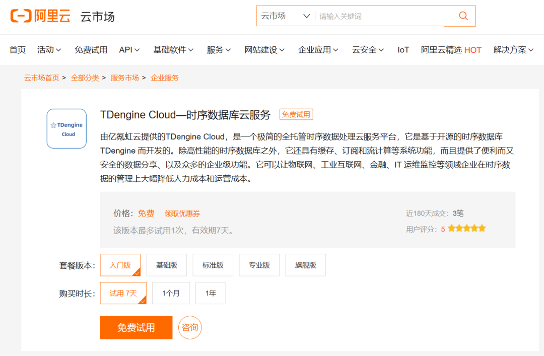 或打开阿里云官方网,点击搜索,输入关键词“TDengine”会出现商品卡片,点击即可进入商品详情页。如下:
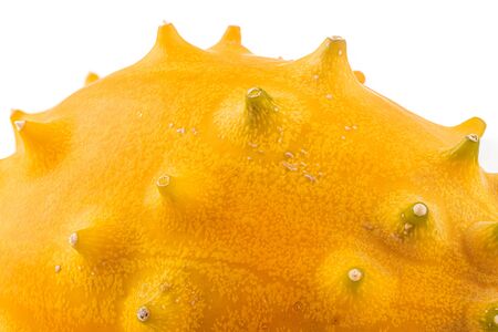 Kiwano or horned melon isolated on white background with copy space for your text. Cucumber theme.
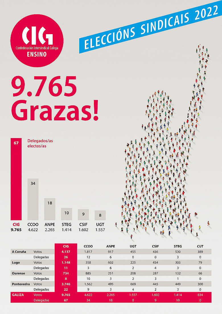 Co 100% dos votos escrutados en todas as provincias e a correspondente proclamación oficial dos resultados, confírmanse os resultados históricos acadados pola CIG-Ensino nas eleccións sindicais celebradas o pasado 1 de decembro e que son froito, sen dúbida, do traballo inquebrantábel durante os últimos 4 anos de defensa do profesorado e do ensino público nun contexto caracterizado polos recortes da Xunta, a pandemia, os cambios lexislativos do goberno central, o incremento da burocracia e da diversidade nas aulas e os ataques contra o galego. Os 9.765 votos acadados polas candidaturas conformadas por preto de 1.000 docentes de todas as etapas e niveis educativos e tipos de ensinanzas non universitarias, duplicando os obtidos pola segunda organización sindical, nunhas eleccións nas que ademais a abstención foi moi baixa, algo menos do 30%, supón un reforzo do modelo combativo, libre, democrático e plural que representa a CIG-Ensino e supón unha mensaxe clara do profesorado á administración galega.

## Instructions for the task
Copy out the full material exactly. Pictures should not appear in it.

## Answer to the exercise
 或打开阿里云官方网,点击搜索,输入关键词“TDengine”会出现商品卡片,点击即可进入商品详情页。如下:
 Kiwano or horned melon isolated on white background with copy space for your text. Cucumber theme.
 Co 100% dos votos escrutados en todas as provincias e a correspondente proclamación oficial dos resultados, confírmanse os resultados históricos acadados pola CIG-Ensino nas eleccións sindicais celebradas o pasado 1 de decembro e que son froito, sen dúbida, do traballo inquebrantábel durante os últimos 4 anos de defensa do profesorado e do ensino público nun contexto caracterizado polos recortes da Xunta, a pandemia, os cambios lexislativos do goberno central, o incremento da burocracia e da diversidade nas aulas e os ataques contra o galego. Os 9.765 votos acadados polas candidaturas conformadas por preto de 1.000 docentes de todas as etapas e niveis educativos e tipos de ensinanzas non universitarias, duplicando os obtidos pola segunda organización sindical, nunhas eleccións nas que ademais a abstención foi moi baixa, algo menos do 30%, supón un reforzo do modelo combativo, libre, democrático e plural que representa a CIG-Ensino e supón unha mensaxe clara do profesorado á administración galega.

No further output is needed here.